Temos tido um aumento do número de projetos e também do valor desses projetos. Ou seja, temos vindo a aumentar o nosso orçamento ligado à investigação. Neste momento, cerca de 50% do nosso orçamento está associado à investigação, pelo que o caminho é continuar este trabalho. Os dados mostram que o número de candidaturas por parte dos nossos docentes e investigadores continua a aumentar, assim como o número de projetos aprovados. Mas é também necessário facilitar a apresentação dessas candidaturas, capacitando os serviços para que possam apoiar mais os docentes e investigadores, libertando-os da componente burocrática e permitindo-lhes concentrar-se na vertente científica. Dessa forma, poderemos aumentar ainda mais o número de candidaturas a financiamento competitivo, seja a nível regional, nacional ou internacional, nomeadamente europeu. Na verdade, este é um percurso que temos vindo a consolidar nos últimos quatro anos e o número de candidaturas tem efetivamente aumentado.

Quanto aos estudantes, que estratégias propõe para aumentar a procura e combater a tendência demográfica da região?
Nos últimos concursos nacionais de acesso, fomos das chamadas universidades do interior aquela que menos problemas teve. Praticamente preenchemos as vagas no primeiro ciclo e não registámos menos colocações do que nos anos anteriores. Também no segundo e terceiro ciclos temos mais alunos inscritos. Neste momento, contamos com cerca de 9.300 estudantes nestes três ciclos de estudo, o que é um número muito positivo. O essencial é criar condições. Por um lado, condições de apoio, nomeadamente ao nível do alojamento — daí a importância que dou à construção de uma nova residência, com cerca de 200 camas, que queremos concretizar. Por outro lado, como referi, é importante reforçar o apoio na área da saúde mental e do apoio social, uma vez que sabemos que alguns estudantes enfrentam dificuldades. É também fundamental melhorar o acolhimento de estudantes internacionais.
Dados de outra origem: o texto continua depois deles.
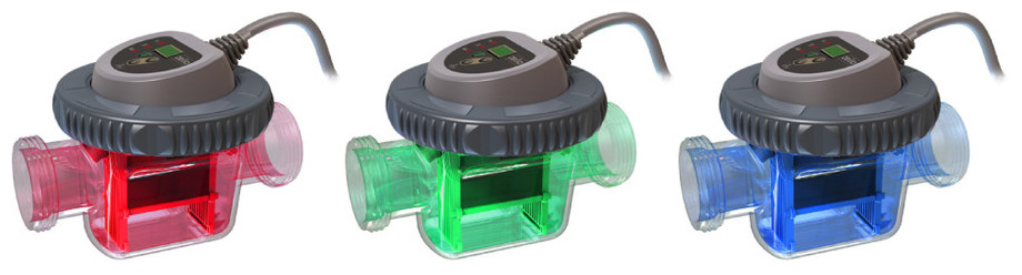 Zelia est un électrolyseur intégrant une lampe LED dans la cellule, dont les couleurs varient en fonction de la température et de la salinité de l'eau.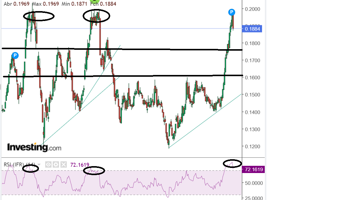 Vamos ver onde nos leva a marretada, se a zona dos 17,5 cts não resistir é muito provável que venha testar a zona dos 15,7 cts

Já temos um gabinete que os enquadra, mas vamos avançar com a criação de um centro CLAIM, que facilitará a integração destes estudantes, nomeadamente oriundos de países de língua portuguesa, mas não só.

E, depois, é preciso reter talento.

Para reter o talento que formamos, é necessária uma estratégia integrada, envolvendo não só a Universidade, mas também as câmaras municipais, as empresas e outros agentes do território. A articulação com o tecido empresarial é fundamental para criar oportunidades de emprego e condições de fixação dos jovens. Temos vindo a realizar todos os anos uma feira do emprego, com uma procura crescente por parte das empresas, e essa é uma forma concreta de mostrar aos nossos jovens que existem oportunidades no Alentejo e possibilidades de integração no mercado de trabalho.

Caso seja reeleita, peço-lhe que me indique duas decisões concretas para reforçar a competitividade da Universidade de Évora?

Em primeiro lugar, avançar com a reorganização interna da Universidade, tanto ao nível da sua estrutura como dos serviços, de forma a flexibilizar e melhorar os fluxos de funcionamento. Em segundo lugar, temos vindo a investir claramente na ligação com as empresas, pelo que reforçaria essa ligação. Criámos o Conselho de Extensão à Comunidade e o Colégio de Transformação e Liderança, mas é necessário ir mais longe. Diria, por exemplo, multiplicar a presença dos estudantes em contexto empresarial, nomeadamente através de doutoramentos em ambiente não académico e do reforço dos estágios, facilitando assim a sua integração e fixação no território. Permita-me acrescentar outra questão importante para a competitividade: é fundamental reforçar a estratégia de comunicação da Universidade. Temos vindo a investir nesse domínio, mas é necessária uma estratégia muito mais robusta de comunicação do que fazemos e do que somos, porque a Universidade de Évora desenvolve muito trabalho que ainda precisa de maior visibilidade.